It was Juanito’s ancestors who dug the well, presumably.  When the family lived on the property it is possible that they used the well, but the crumbled adobe house that fronts on the dirt road attests to the abandoned state of all things Terrazas.  Juanito himself lives in town, and only comes occasionally to water the little family-owned plot of land where he cultivates peas, and to fill the tub with water for the young and abandoned horse he recently bought for future plowing.

What is at the base of this act of vandalism?  I have learned that this man, poorly educated, set in his ways, and avoided by most people who can because of his known anger and pettiness, is to be treated with kid gloves and only when absolutely necessary.  If I see him on the land I wave, and pass a greeting.  Never would I stop to have a chat with him.  As for water for his crops, he has his own well and pump, in his field high above the riverbed embankment.

When this failed retreat center was abandoned, Juanito was given permission to farm the land in exchange for watching over it.  He relied on rainfall for the irrigation of it.  There is a rickety little gate he used to pass through.  In time, we both stop using that gate.  Just on my side of the gate, a foot away there is a water spigot.  I put a dual faucet on it, because he wanted to have a hose connected to it.  In time this became problematic, when he would leave the water on and I would find myself without water, the central tank drained.  Occasionally I would unwittingly do this to myself.  I might turn the water on to irrigate the little peach orchard, and forget to turn it off.  I would know, the next morning, because I would open my kitchen tap and nothing would come out.  Then I would have to check all 8 of the garden faucets, and turn off the forgotten one. 

After a while it seemed absurd, to extend this courtesy to someone who does not want to be a good neighbor.  It annoyed me a little, but I didn’t want to irritate this boil on my butt.

One day I discovered that water was gushing out of that very same shared spigot.  During the night, a horse had kicked the pipe at its base and fractured it.  I had to turn off the water at the central valve, to stop the flooding of the corral.  It took a few days to finally get to the store and buy the necessary parts.  Over the course of a couple of days, we cut the broken pipe, glued the new one on, and once the glue was dry, opened the water again.  I had instructed the worker to simply cut the offending piece and put a collar on it, keeping the same pipe and dual faucets.  However, he misunderstood and removed the old pipe completely.  Juanito’s hose could not simply be unscrewed, because he had fastened it to the spigot with a stretched piece of tire rubber.  I had to slice through it with a razor blade in order to remove the faucet.  I finally replaced the faucet with a single spigot I had on hand.  The old dual faucet had lost its handle, and was difficult to use.

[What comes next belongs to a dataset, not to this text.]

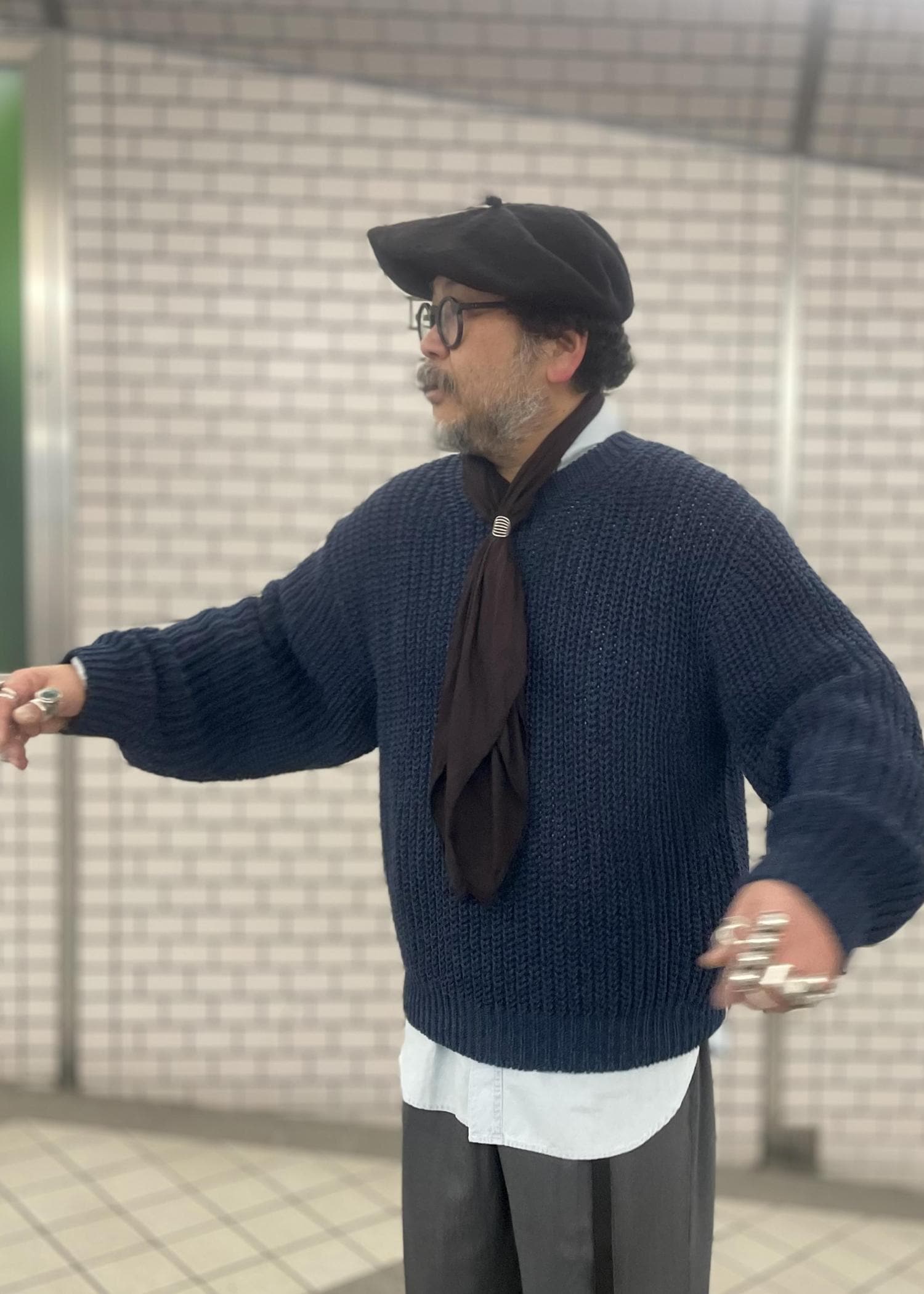 BATONERに別注し、糸の段階から丁寧に作り込んだコットンニット。

Could that have been the precipitating event that led to this act of vandalism?  Not only had he cut open my main water hose, he also barred the gate that leads down to my well.  He drove a mighty tree trunk into the muddy ground on the far side of the gate, preventing it from opening.  In recent days he had been scaring my horses, chasing them out of the meadow. Then he fastened the gate closed with barbed wire. This is the gate leading to my well. I would cut through the wire, and he would bind it shut again. The first time he barred the path with poles, they were light enough for me to remove. I try not to be provoked by his shenanigans, but this one was a bit far.  I had Ray dig out the huge tree trunk, and carry it to the front of the property where we then placed it in his pea plot.  Yes, it crushed a few plants, but did not damage their roots.  Tempting though it was to apply hillbilly justice and, in the dark of night, tear up the plants in his little garden, I cannot bring myself to carry out such an act of vandalism.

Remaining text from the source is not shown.